The interest in sustainability in the Renaissance arose from the need to choose durable and beautiful materials as a support for works of art, as they were intended to last for many centuries.
The arrival of Romanticism in the 18th century marked the beginning of the perception of nature as a living, mystical being, which was reflected in all forms of art, from painting to music and poetry.
This increased sensitivity to the environment gave rise to the foundations of environmental art, in which an awareness of environmental protection began to take shape in response to the impact of the incipient Industrial Revolution.
Works of art emerged that worshipped the beauty of nature, as well as depicting environmental injustice and inequality through images of destruction and pollution.
This approach of painting to sustainability would become a constant in pictorial art, reflecting an interest in making the most of natural resources and enjoying the wonders of nature. An example of the latter is John Constable's paintings, in which the sky takes on a new dimension.
The 20th century was the century of technology, which brought about a transformation in the artists' gaze thanks to the effects of photography and cinema. Imitating nature, trying to achieve its beauty, was no longer enough, as the new tools made it possible to do this work effortlessly.
It was necessary to look further afield, with actions that appropriated nature itself, as happened with Land Art, or to turn it into the raw material of art itself. These new artistic currents, where concept prevails over aesthetics, reflect the concern for the conservation of the environment, with the creation of works that criticised the exploitation and abuse of natural resources.
These works have an awareness-raising intention, giving art a new dimension beyond aesthetics and technical quality.
In today's 21st century, art continues to be a medium for addressing and reflecting on the relationship between humans and the environment.

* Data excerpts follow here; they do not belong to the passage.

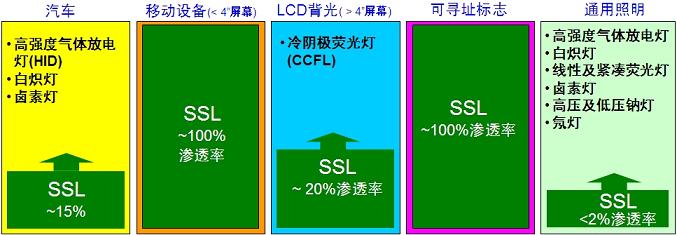 如今,在屏幕尺寸小於4英寸的手機、相機閃光等移動設備應用中,及路邊及體育場中大型顯示屏應用中,LED照明,或稱固態照明(SSL),幾乎占據了100%的份額。除此之外,LED照明也向其它領域邁進。如在汽車應用中,LED照明占據約15%的份額。而在較大液晶顯示屏(LCD)背光應用中,雖然冷陰極熒光燈(CCFL)如今仍然占據主導地位,但LED照明的總滲透率也達到約20%,參見圖1。特別是在備受矚目的大尺寸液晶電視背光應用中,據Laurent Jenck指出,預計LED背光的液晶電視在未來3到4年間,將占據至50%的份額。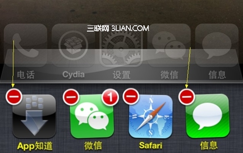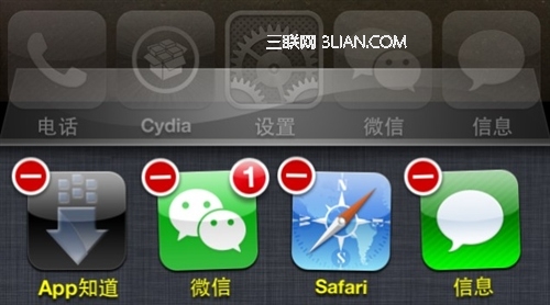 獄的同學最喜歡用的一個插件是Auxo,這個插件非常好用的一個功能是可以在多任務切換欄中按住應用圖標往下一滑就關閉應用,多個手指按住多個圖標往下一滑就可以同時關閉多個應用。相信沒越獄的人非常羨慕這個同時關閉多個應用的功能,咱們今天就來看一下未越獄如何也可以同時關閉多個應用: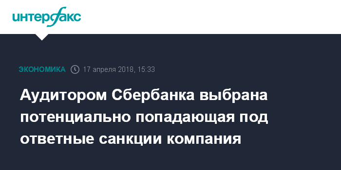 Аудитором Сбербанка выбрана потенциально попадающая под ответные санкции компания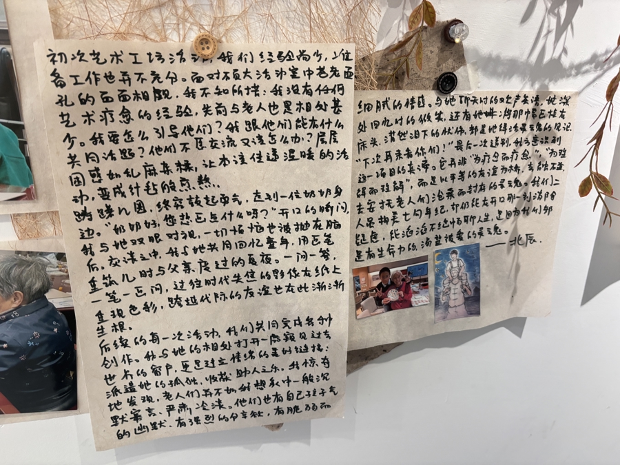 在留言区域,北辰写下:“我惊奇地发现,老人们并不如我想象中一般沉默寡言,他们也有自己孩子气的幽默、有强烈的分享欲、有脆弱细腻的情感。这个项目的真谛,并非‘为疗愈而疗愈’,而是以平等的友谊为桥,去触碰、安抚老人们沧桑的灵魂。”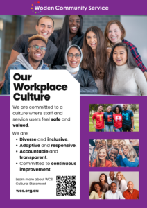 We believe that a diverse and inclusive workplace culture contributes to all staff feeling valued and safe. We are committed to WCS’s purpose and are adaptive and responsive to the needs of our community and colleagues. This commitment to a positive culture will help our service users receive, safe and high quality services.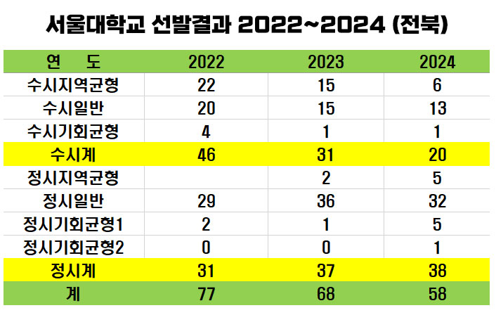 서울대학교의 정시 모집 최초 합격자 발표는 2025학년도에는 2월 7일에 발표될 예정이다. 그래서 정시와 수시에서 2022년 부터 2024년까지 확인해보면 2022년도에 77명, 2023년도에 68명, 2024년도에 58명으로 지속적으로 감소한 것을 볼 수 있다. 2024년도 총 서울대 합격자 58명 중에서 정시합격자는 38명인데 전국단위 모집 자사고인 상산고 출신 학생만 33명에 이르기 때문에 전북지역 내 일반 고등학교 학생들이 정시전형에서조차 서울대 진학에 어려움을 겪고 있음을 보여준다.

Climate change and environmental degradation are recurring themes in contemporary art, and many artists are committed to both the message of their work and the materials they use, seeking to create sustainable art that has a positive social and environmental impact.
Artistic creation has reflected our relationship with the environment throughout history, and always will. It is the most human way of transmitting our dreams, desires, feelings and ideas, seeking to leave a record of the moment we are living.